The Canadian Federal Government recently announced Mortgage Insurance and Qualification Changes effective October 17 and November 30, 2016. These changes are intended to slow down the red-hot housing market but will make it more difficult for first-time buyers and borrowers with marginal income to qualify for financing. They will also close some loopholes currently being used by foreign investors. The details of the announcement are summarized below, courtesy of Mortgage Professionals Canada, Canada’s national mortgage broker industry association.
- All insured mortgages will now need to qualify at the Bank of Canada benchmark rate (4.64%) instead of the contract rate offered on their commitment. This change is scheduled to come into effect on October 17, 2016.
- Portfolio (‘bulk’) insurance must now meet the same criteria as those that are high ratio insured. This change is scheduled to come into effect on November 30. This means that amortizations greater than 25 years, rental and investment properties and homes with values greater than $1M can no longer be portfolio-insured.
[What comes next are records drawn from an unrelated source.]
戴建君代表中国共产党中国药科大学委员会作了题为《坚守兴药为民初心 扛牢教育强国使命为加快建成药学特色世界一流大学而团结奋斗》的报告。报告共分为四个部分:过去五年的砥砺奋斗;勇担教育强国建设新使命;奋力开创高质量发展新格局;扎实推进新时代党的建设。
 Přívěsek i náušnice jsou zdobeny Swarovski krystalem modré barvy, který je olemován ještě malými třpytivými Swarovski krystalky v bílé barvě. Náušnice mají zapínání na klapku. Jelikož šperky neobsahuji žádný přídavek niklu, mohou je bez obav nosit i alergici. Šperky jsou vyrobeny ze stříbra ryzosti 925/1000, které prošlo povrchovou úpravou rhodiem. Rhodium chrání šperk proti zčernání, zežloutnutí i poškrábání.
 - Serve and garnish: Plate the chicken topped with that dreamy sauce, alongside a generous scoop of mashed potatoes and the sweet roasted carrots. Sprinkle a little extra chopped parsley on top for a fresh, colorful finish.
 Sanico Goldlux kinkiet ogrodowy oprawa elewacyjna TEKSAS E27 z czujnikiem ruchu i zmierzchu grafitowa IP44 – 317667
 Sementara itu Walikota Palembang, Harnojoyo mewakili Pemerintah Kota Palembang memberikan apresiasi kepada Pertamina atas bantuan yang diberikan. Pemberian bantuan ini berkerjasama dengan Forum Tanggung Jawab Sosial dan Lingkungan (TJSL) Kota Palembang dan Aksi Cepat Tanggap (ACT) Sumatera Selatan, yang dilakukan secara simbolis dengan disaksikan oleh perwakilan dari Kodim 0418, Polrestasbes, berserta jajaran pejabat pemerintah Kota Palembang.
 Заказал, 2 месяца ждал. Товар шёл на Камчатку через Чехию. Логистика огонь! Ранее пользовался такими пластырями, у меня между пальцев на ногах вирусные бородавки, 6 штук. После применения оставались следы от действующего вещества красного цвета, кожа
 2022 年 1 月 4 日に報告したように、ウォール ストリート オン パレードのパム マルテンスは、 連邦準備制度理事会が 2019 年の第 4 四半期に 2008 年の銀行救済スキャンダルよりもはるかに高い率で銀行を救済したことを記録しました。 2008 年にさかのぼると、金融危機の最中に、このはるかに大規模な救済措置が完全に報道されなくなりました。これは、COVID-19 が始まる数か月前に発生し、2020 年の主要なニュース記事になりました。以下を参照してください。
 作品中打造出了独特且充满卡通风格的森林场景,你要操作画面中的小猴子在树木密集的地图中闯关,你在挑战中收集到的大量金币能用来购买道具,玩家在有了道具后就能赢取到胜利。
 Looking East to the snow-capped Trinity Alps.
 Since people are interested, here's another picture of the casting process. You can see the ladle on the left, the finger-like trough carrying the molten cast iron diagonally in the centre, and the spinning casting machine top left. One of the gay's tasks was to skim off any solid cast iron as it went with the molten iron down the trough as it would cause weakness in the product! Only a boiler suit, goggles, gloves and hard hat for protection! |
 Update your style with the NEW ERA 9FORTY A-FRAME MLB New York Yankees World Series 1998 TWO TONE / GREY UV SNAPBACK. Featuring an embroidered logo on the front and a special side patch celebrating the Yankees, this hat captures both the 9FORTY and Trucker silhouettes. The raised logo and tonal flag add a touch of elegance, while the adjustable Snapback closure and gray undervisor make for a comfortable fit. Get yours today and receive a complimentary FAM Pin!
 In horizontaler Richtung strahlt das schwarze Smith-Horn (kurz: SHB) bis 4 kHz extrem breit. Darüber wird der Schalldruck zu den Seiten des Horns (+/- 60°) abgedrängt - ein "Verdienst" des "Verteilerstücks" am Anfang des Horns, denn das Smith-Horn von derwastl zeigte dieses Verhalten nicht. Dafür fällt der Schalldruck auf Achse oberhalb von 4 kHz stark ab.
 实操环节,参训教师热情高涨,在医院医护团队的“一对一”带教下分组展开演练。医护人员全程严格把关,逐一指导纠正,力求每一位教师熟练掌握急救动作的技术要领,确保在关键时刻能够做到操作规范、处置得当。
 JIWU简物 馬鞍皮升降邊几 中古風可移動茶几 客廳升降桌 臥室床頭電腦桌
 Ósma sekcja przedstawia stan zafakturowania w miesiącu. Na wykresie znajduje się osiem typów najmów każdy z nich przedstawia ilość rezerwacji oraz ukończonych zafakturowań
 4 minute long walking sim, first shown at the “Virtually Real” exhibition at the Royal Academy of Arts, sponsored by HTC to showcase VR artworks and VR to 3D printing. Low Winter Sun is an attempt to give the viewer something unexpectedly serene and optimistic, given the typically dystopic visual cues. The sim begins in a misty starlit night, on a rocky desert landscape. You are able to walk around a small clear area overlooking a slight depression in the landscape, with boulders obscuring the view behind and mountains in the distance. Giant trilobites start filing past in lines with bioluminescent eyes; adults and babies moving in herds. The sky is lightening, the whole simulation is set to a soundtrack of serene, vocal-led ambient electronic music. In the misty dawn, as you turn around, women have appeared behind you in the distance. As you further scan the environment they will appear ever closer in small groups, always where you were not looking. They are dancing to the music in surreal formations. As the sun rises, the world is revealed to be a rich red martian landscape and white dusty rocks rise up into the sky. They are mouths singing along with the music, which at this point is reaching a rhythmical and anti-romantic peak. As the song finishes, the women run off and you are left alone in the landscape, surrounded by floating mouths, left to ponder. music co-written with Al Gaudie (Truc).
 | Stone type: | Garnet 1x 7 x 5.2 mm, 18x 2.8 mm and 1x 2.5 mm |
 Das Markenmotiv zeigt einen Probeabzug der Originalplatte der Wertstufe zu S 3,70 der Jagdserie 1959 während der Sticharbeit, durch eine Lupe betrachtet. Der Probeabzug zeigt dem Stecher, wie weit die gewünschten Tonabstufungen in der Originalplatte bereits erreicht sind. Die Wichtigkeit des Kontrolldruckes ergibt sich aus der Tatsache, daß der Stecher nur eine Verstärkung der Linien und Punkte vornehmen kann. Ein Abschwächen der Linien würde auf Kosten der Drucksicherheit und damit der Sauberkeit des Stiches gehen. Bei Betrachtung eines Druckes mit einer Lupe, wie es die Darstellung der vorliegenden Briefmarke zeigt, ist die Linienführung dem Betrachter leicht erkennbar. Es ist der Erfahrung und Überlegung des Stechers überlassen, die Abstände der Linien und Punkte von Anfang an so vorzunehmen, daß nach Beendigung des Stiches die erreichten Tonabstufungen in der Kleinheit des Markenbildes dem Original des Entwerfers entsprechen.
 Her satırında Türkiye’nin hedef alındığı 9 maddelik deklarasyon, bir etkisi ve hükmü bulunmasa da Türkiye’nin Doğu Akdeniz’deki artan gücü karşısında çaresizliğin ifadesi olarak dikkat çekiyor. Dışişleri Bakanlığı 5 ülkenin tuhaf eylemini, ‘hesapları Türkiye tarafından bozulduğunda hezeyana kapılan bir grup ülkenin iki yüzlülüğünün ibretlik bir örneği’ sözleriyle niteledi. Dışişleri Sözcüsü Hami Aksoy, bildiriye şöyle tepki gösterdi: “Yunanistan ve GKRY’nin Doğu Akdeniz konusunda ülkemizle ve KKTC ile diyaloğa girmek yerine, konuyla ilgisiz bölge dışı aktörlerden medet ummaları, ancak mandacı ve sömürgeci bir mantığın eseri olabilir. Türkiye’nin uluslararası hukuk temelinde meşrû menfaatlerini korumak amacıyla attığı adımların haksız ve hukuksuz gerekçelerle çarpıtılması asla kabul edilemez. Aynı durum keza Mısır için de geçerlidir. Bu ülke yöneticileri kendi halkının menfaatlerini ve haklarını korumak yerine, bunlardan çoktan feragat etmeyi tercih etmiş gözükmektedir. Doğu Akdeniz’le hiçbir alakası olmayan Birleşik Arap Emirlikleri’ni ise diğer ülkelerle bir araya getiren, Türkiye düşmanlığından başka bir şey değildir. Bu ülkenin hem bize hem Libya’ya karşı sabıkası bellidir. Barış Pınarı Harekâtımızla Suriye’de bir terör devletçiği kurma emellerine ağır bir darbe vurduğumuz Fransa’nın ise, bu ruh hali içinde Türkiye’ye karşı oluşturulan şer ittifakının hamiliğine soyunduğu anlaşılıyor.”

- Capital gains exemptions on principal residences will apply only to residents of Canada.
- In addition, there is further discussion about ‘sharing in risk’ that is currently borne in large part by the three mortgage insurers. While high ratio customers and portfolio insurance funders pay for this risk, there is discussion about sharing in the cost of losses beyond just the mortgage insurers. This in and of itself could have significant implications. We will continue to monitor any discussion around this as well.